■ SUPPLIED DATA
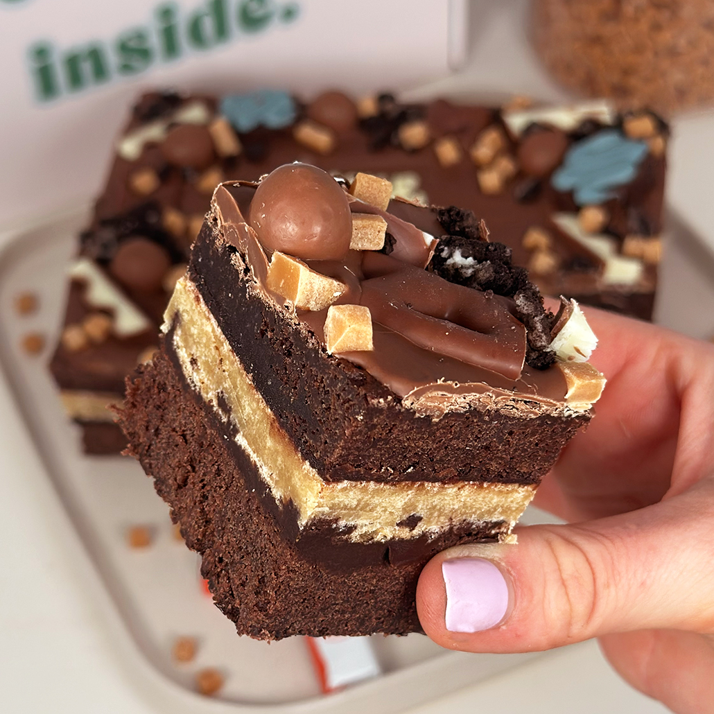 sugar, butter, cocoa powder, plain flour, eggs, vanilla extract, brown sugar, white chocolate, milk chocolate, oreo bits, curly wurly, food colouring, Malteser's, kinder, caramel chunks and the following filling choice: chocolate spread, chocolate spread with salted caramel, biscoff spread or hazelnut spread (contains nuts)
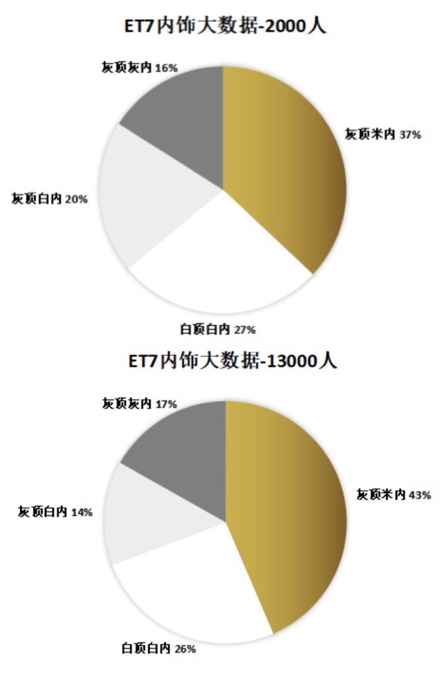 内饰方面2000人和13000人发生了很大的变化,金沙米内饰超过了两种白内饰的综合,彻底占据第一选择,达到了43%,根据量产交付的情况,也的确很漂亮,很温馨,而且金沙米的藤木颜色量产版本也调浅了显得更和谐!
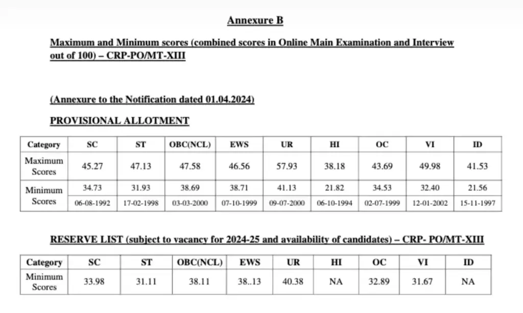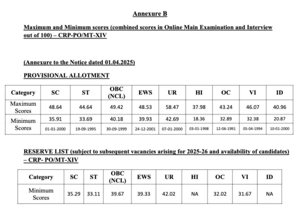 - कैंडिडेट लिंक चेक करें: फाइनल लिस्ट के लिए ‘Listing of Candidates Provisionally Allotted beneath CRP-PO/MTs-XIV’ पर क्लिक करें और केटेगरी सेलेक्ट करके रिजल्ट कट-ऑफ के साथ चेक कर सकते हैं ।

■ WHAT YOU WILL DO
Reproduce the lines of the listing exactly, starting at the one that contains "内饰方面2000人和1300" and continuing through the final line, but leave out the pictures.

■ TASK ANSWER
 内饰方面2000人和13000人发生了很大的变化,金沙米内饰超过了两种白内饰的综合,彻底占据第一选择,达到了43%,根据量产交付的情况,也的确很漂亮,很温馨,而且金沙米的藤木颜色量产版本也调浅了显得更和谐!
 - कैंडिडेट लिंक चेक करें: फाइनल लिस्ट के लिए ‘Listing of Candidates Provisionally Allotted beneath CRP-PO/MTs-XIV’ पर क्लिक करें और केटेगरी सेलेक्ट करके रिजल्ट कट-ऑफ के साथ चेक कर सकते हैं ।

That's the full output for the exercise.